Шрифт:
— Добро, подумаем.
Майор-адъютант записал фамилию полковника. Еще десять человек обратились с той же просьбой. Четверо других заговорили об орденах, которых не получили, хотя указ о награждении имеется. Генерал все кивал головой и повторял:
— Добро, добро…
Потом вдруг обернулся ко мне.
— А вы, юноша, тоже спешите на фронт?
— Так точно, товарищ генерал! — ответил я. — Очень мне надо к своим!..
— А если направим в военную академию?..
— Зачем?.. Я и без того умею воевать. Я же с фронта…
— А… — улыбнулся генерал. — Армянин? По акценту чувствуется. — Он повернулся к Баграту: — У вас какая просьба, товарищ капитан?
— Мне тоже хотелось бы поскорее попасть на фронт.
Генерал направился к выходу.
Через три дня нас отправили на фронт.
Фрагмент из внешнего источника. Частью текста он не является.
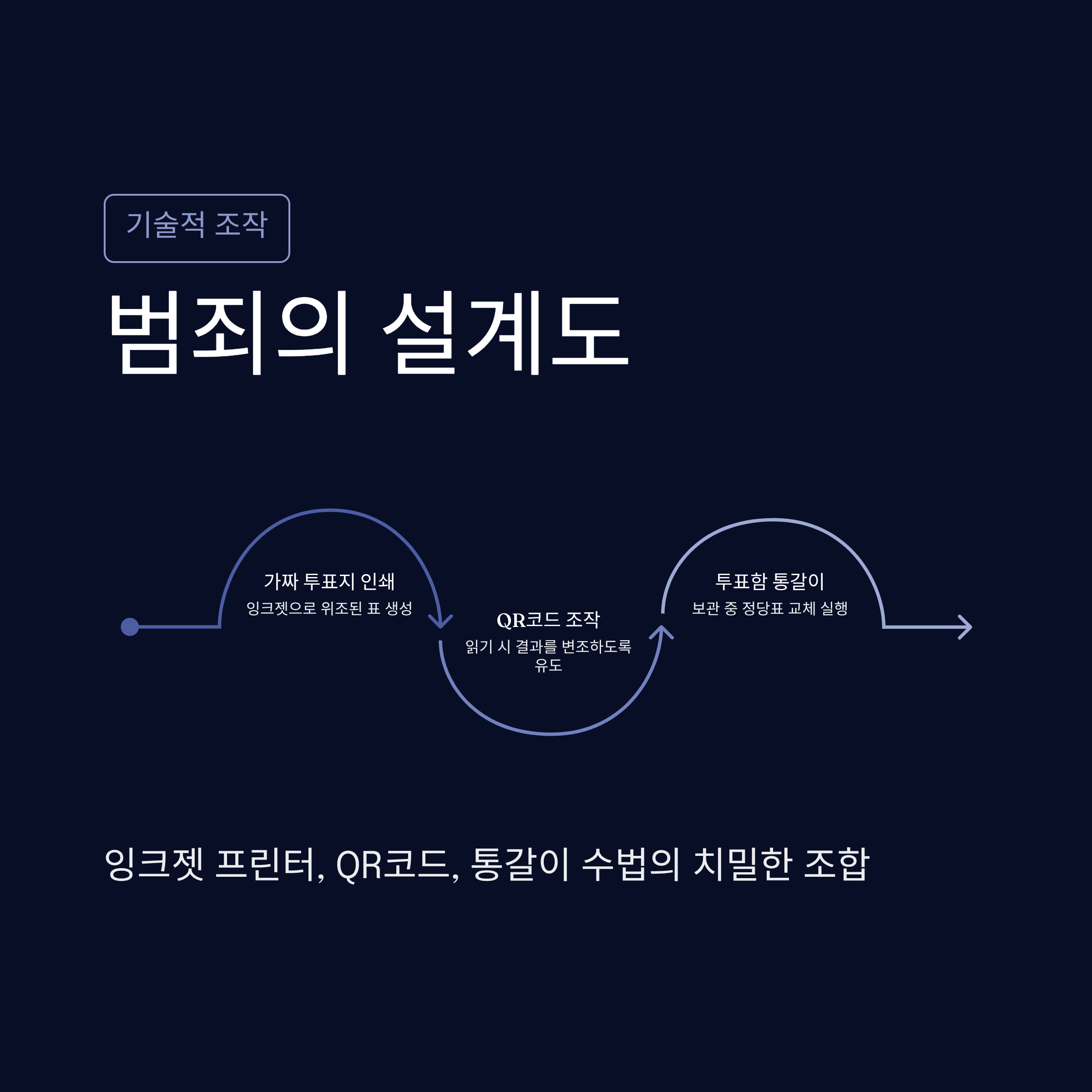 - 조작의 기술적 설계: 잉크젯 프린터, QR코드, 그리고 사전투표의 허점.

Мы с Багратом договорились переписываться.
Неужели наступил Новый год? Как же я не заметил? Встретится ли мне снова моя Шура? Если встретится, я больше ни за что с ней не расстанусь.
Сегодня седьмое января. Уже десять дней, как мне исполнилось девятнадцать. В записях моих новогодние надежды.
Год желтый — 1943-й
Фронт близок. Волхов я перешел около Селищевской крепости по понтонному мосту. Все тут мне знакомо. Вон развалины Мясного Бора, а дальше поле, где я был ранен в первый раз. Весной здесь еще местами дымились печные трубы. Сейчас и их уже нет.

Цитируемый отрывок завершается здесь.